Content starts

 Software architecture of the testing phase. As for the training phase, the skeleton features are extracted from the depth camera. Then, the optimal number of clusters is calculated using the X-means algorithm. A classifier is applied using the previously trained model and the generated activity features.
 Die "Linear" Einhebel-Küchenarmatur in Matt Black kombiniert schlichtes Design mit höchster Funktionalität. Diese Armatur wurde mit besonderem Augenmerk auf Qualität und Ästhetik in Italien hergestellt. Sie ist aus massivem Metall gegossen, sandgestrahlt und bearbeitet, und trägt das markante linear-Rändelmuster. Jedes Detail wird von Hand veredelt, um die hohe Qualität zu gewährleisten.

Content ends
Content starts

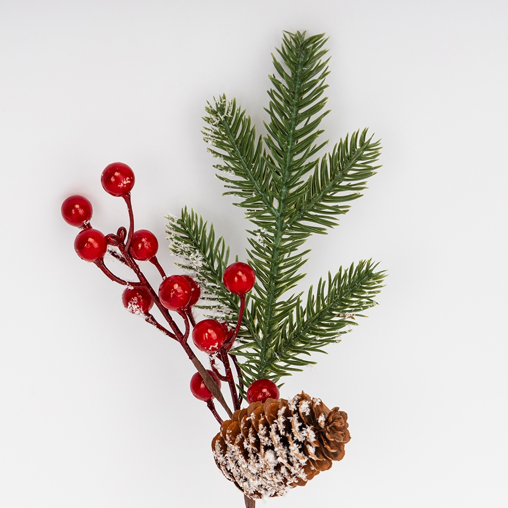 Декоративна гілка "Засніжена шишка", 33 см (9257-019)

Content ends

● **The task**: Write down again, exactly as given, only the lines above that fall from the line with "Software architecture of" to the line with "Qualität zu gewährleisten.", inclusive.

● **Expected answer**:
 Software architecture of the testing phase. As for the training phase, the skeleton features are extracted from the depth camera. Then, the optimal number of clusters is calculated using the X-means algorithm. A classifier is applied using the previously trained model and the generated activity features.
 Die "Linear" Einhebel-Küchenarmatur in Matt Black kombiniert schlichtes Design mit höchster Funktionalität. Diese Armatur wurde mit besonderem Augenmerk auf Qualität und Ästhetik in Italien hergestellt. Sie ist aus massivem Metall gegossen, sandgestrahlt und bearbeitet, und trägt das markante linear-Rändelmuster. Jedes Detail wird von Hand veredelt, um die hohe Qualität zu gewährleisten.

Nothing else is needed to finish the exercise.